Mr. Jain said that news channels often indulge in propaganda to give currency to the BJP’s stated position on important public discourses. He pointed out that the news channels hound the opposition, but the government is seldom questioned.

“Last year in June, several news channels aired a photograph of Congress president Rahul Gandhi sharing dais with a few Chinese officials. Although they said that the photograph was unverified and undated, they ran provoking hashtags that gave a false impression that the opposition leader was caught on camera during a clandestine meeting with the Chinese. The photograph, it later turned out, was taken during a Chinese food festival in New Delhi which was also attended by other leaders,” Mr. Jain said.

Needed Change

Independent evaluators have been harsh in their assessment of the standard of Indian journalism. Reporters Without Borders, an NGO, ranked India 136th among 180 countries in its world press freedom index compiled in April 2017.

On several occasions, the government itself has been caught using misleading photographs to lend credence to its claims of development. In April 2017, the Home Ministry’s annual report, tabled during the Budget session of Parliament, used photographs of the Spain-Morocco border to showcase floodlights installed by the Indian government at the India-Pakistan border. The ministry had to order an enquiry after Alt News exposed the goof up.

Later in November, the Ministry for Roads, Transport and Highways uploaded a picture of Gardiner Expressway in Toronto, to advertise the ‘good work’ done by it.

Fact-checkers claim that money, not merely ideological mooring, triggers fake news. Mr. Sinha claimed that people running dubious websites have understood that writing about Prime Minister Modi or Uttar Pradesh’s hardliner Chief Minister Yogi Adityanath or the India Army would get them more clicks and consequently more Google ads.

Fact checkers in India recommend stricter laws to regulate online content. They want the media to become more accountable.

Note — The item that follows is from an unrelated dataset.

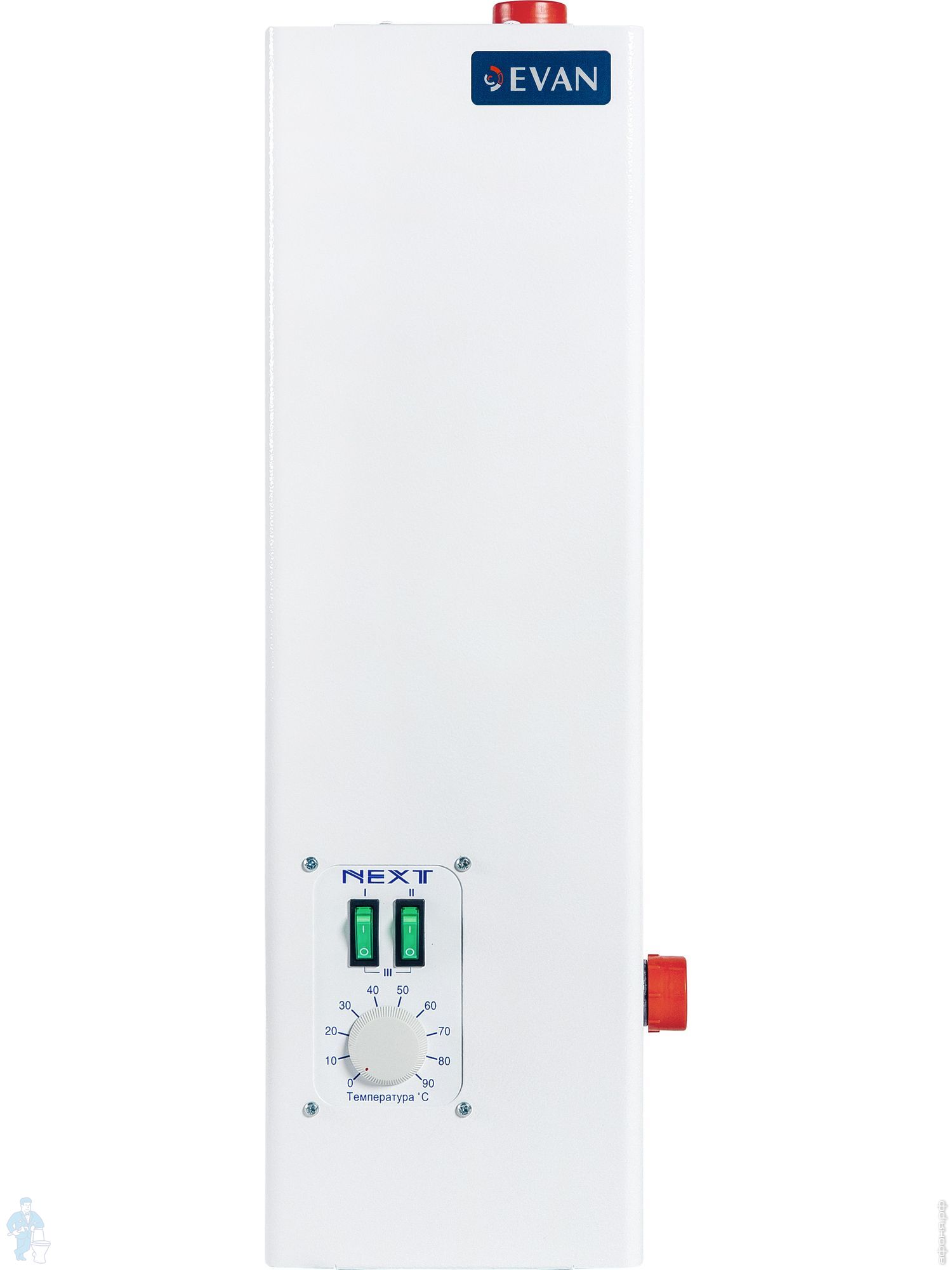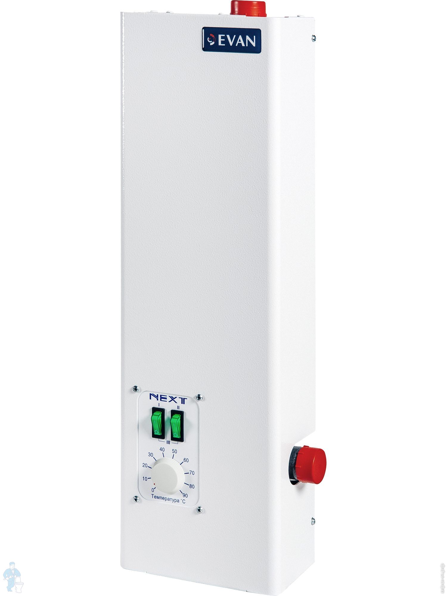 Высокий спрос на тепловое оборудование компании Эван объясняется его экономичностью, надежностью и простотой обслуживания. Модельный ряд электрокотлов ЭВАН ЭПО (класс эконом) подходит для отопления помещений площадью 25 - 150 кв.м. Электрокотлы Эван С1 (класс стандарт) с легкостью отопят большой жилой дом или небольшое производственное помещение площадью до 300 кв.м. Модельный ряд ЭВАН Warmos - 5 марок котлов высокого класса для обогрева площадей от 360 до 600 кв.м. Все электрические котлы Эван оборудованы тэнами из нержавеющей стали, для крепления тэнов использовано резьбовое соединение, дающее удобство замены при необходимости. Температура теплоносителя плавно регулируется с помощью встроенного термостата. Каждый котел имеет возможность установки оборудования для принудительной циркуляции. Автоматика отключит прибор при достижении заданной температуры и аварийно - при перегреве или отсутствии воды.

“The regulatory bodies in India do not have teeth. Although we don’t want them to be so strong that they can stop a journalist from doing his work, they should be in a position to impose penalty if some news turns out to be false, malicious propaganda. Currently, they can only ask a media outlet to tender an apology for a false reportage but we have seen some news channels refusing to do so,” Mr. Sinha said.

Mr. Jain pointed out that the Government does not have clear laws to curb false propaganda online. “The government needs to bring the online space under the ambit of the law,” he said.

But Mr. Oliyath is sceptical that the government would act. “Most of the fake propaganda seems to benefit the ruling party. Why would the government bother?” he asked.